*** Opening of Exercise materials ***
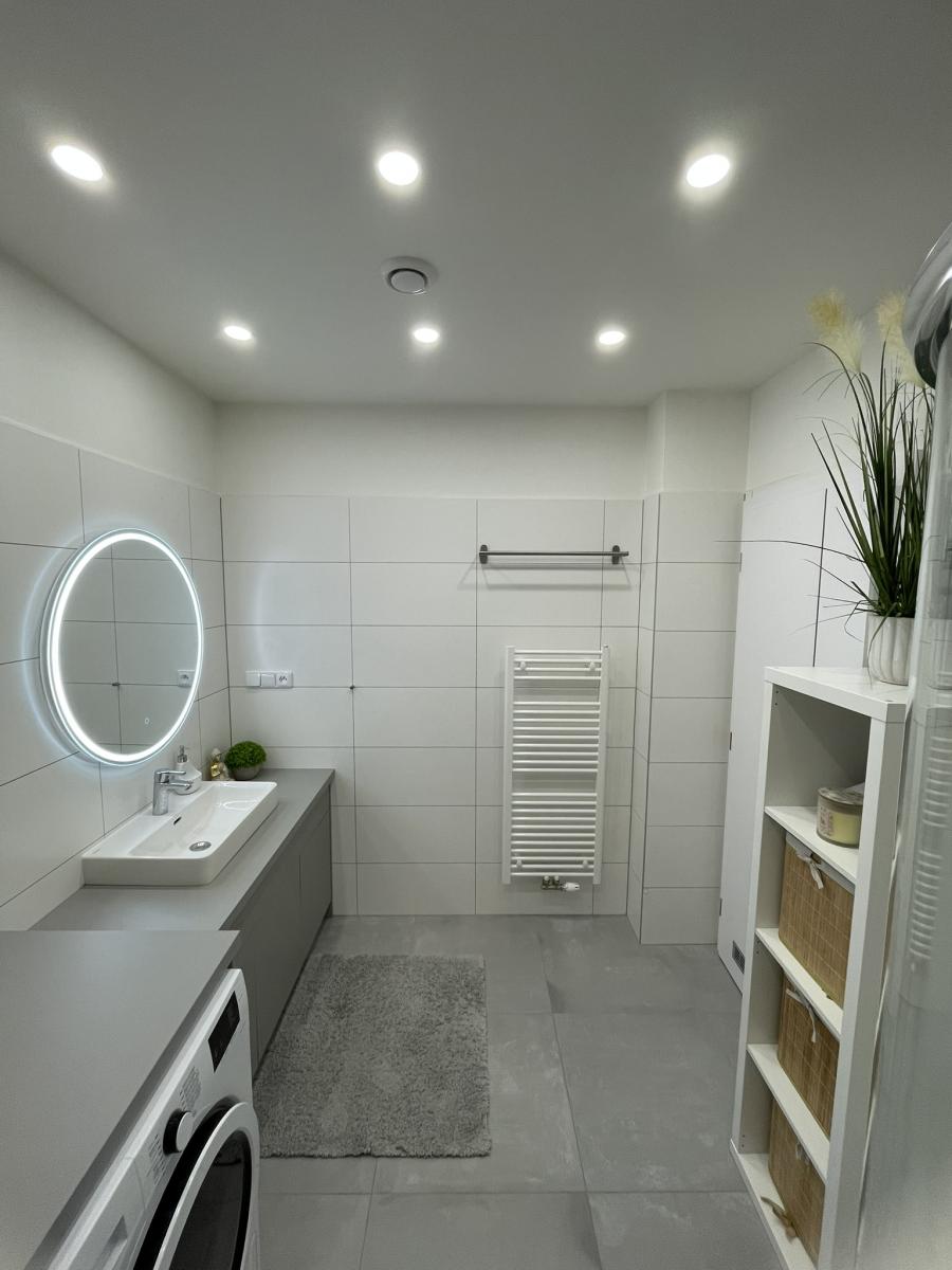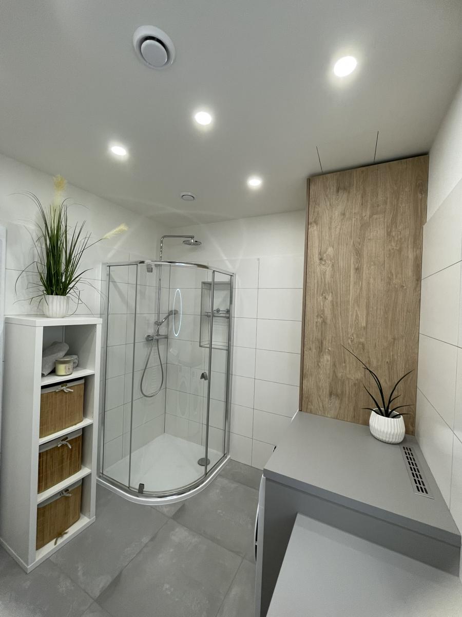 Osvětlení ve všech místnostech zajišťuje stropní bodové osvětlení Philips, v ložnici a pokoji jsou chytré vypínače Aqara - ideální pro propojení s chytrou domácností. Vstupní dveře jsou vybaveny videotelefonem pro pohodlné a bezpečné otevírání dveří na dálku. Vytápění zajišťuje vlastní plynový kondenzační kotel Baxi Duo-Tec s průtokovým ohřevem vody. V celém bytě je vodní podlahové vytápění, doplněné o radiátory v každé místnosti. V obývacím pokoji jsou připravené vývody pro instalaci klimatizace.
*** Close of Exercise materials ***
*** Opening of Exercise materials ***
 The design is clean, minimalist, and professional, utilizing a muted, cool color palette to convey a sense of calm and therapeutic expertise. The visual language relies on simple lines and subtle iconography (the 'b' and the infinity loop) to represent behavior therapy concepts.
*** Close of Exercise materials ***
*** Opening of Exercise materials ***
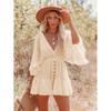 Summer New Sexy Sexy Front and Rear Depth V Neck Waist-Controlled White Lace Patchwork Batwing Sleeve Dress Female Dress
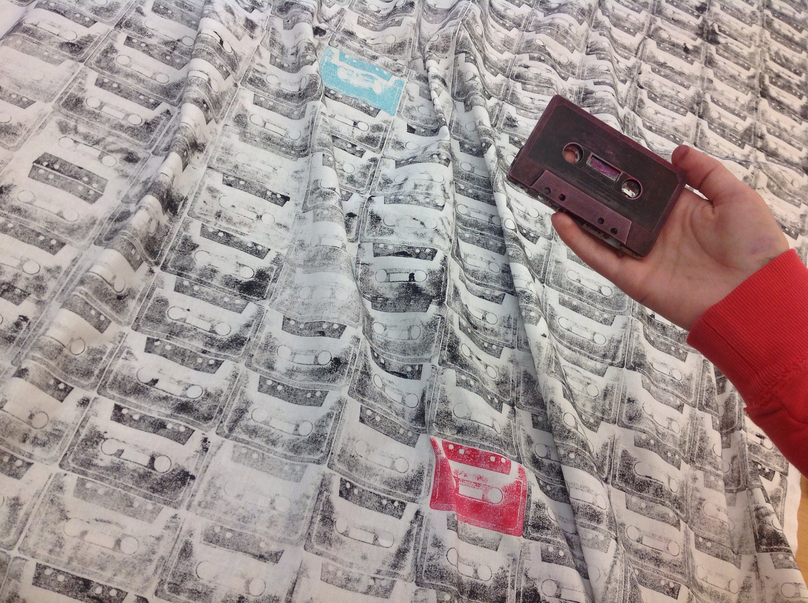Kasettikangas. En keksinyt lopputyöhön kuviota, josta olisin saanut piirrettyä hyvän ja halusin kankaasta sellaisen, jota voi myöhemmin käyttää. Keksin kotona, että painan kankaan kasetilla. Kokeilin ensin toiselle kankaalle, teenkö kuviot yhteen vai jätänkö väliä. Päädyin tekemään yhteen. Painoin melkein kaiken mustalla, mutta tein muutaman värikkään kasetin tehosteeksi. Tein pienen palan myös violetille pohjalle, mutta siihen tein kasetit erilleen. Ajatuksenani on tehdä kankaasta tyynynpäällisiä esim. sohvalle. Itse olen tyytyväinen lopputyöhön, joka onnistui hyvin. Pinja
*** Close of Exercise materials ***
What is expected -> The reply should hold exactly the lines above, starting at the line with "Summer New Sexy" and ending at the line with "Kasettikangas. En keksinyt", and no pictures.

Task result ->
 Summer New Sexy Sexy Front and Rear Depth V Neck Waist-Controlled White Lace Patchwork Batwing Sleeve Dress Female Dress
Kasettikangas. En keksinyt lopputyöhön kuviota, josta olisin saanut piirrettyä hyvän ja halusin kankaasta sellaisen, jota voi myöhemmin käyttää. Keksin kotona, että painan kankaan kasetilla. Kokeilin ensin toiselle kankaalle, teenkö kuviot yhteen vai jätänkö väliä. Päädyin tekemään yhteen. Painoin melkein kaiken mustalla, mutta tein muutaman värikkään kasetin tehosteeksi. Tein pienen palan myös violetille pohjalle, mutta siihen tein kasetit erilleen. Ajatuksenani on tehdä kankaasta tyynynpäällisiä esim. sohvalle. Itse olen tyytyväinen lopputyöhön, joka onnistui hyvin. Pinja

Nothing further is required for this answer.